One more acquisition


Eris has been now on a huge acquisition spree, having spent close to 3500 cr. in last few years on acquisitions. One thing this clearly highlights is how hard it is to grow organically in branded market (or that Eris is lacking that capability).

The only good things about their acquisition is large acquisitions are done to get into new therapies, and they pay reasonable valuations for most acquisitions (~3x trailing sales). See a summary of all their acquisitions below.

14.03.2024 call notes

  • The Swiss Parenteral and Biocon biologics deals were evaluated together

  • Biocon biologics

    • Acquired Indian branded sterile injectable business of Biocon Biologics (1242 cr.; 360 cr. sales; 70 cr. EBITDA and will increase to 100 cr. in FY25). This will expand their presence in the sterile injectables market and has synergies with Swiss Parenterals Limited

    • 435 employees (325 MRs), price includes 50 cr. net working capital

    • Oncology (Monoclonal antibodies; MAB; 80 cr.; 40 field force including 30 MRs) + insulin (200 cr.) + critical care portfolio (80 cr.; 70 field force)

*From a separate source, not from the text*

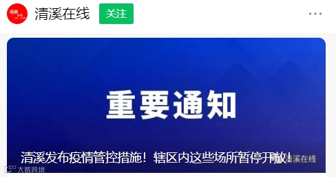 19日,清溪镇新型冠状病毒肺炎疫情防控指挥部办公室发布关于进一步加强疫情防控工作的通告。

    • Critical care manufacturing will move to Swiss Parenteral, Mabs and Insulin will be sourced from Biocon

    • Insulin:

      • Basalog (Glargine; 8.2% to 10.5% market share in last-4 years) - 100 cr. brand

      • Insugen (rH insulin; 9.5% to 11% market share in last-4 years) - 100 cr. Brand

      • Both Basalog and Insugen have not grown in last 5-years, but have gained volume market share

      • RH insulin Indian market has declined in volume terms in last 5-years

      • Insulin can reach 70% gross margins

      • Hope to gain from interchangeability acceptance for Basalog (no other biosimilar in India has this)

    • Will continue their own Xsulin and Xglar brands

    • Anti-diabetes will be a ~1000 cr. franchise now

    • Oncology – 5 main brands (Biomab, Canmab, Hertraz, Krabeva and Abevmy). Market is growing at 26%+ p.a. 80 cr. sales with

    • Acquired brands highlighted below (maybe more, only highlighted ones where I am sure)

  • Will acquire 19% equity stake in Swiss Parenterals Limited from Eris’ promoters (237.5 cr.; same as original acquisition price of 1250 cr.)

  • FY25 net debt will be <2x of FY26 EBITDA (1-year forward). Net debt will be 3000 cr. From now on, focus will be on optimizing acquired units. Cost of debt is 8.65%

  • Target to reach 5,000 cr. revenues in FY28 (vs FY29 earlier)

Disclosure: Invested (position size here, no transactions in last-30 days)



wanted to start a new thread on this … Both the Biocon divestiture to Eris and their acquisition of Swiss Parenterals.
Market seems to be overly concerned about rising debt levels in the company.
Market is also worried that all cash flows are being invested in acquisitions and feel some will go wrong.

In a way only time can say . But management seems to be quite convincing.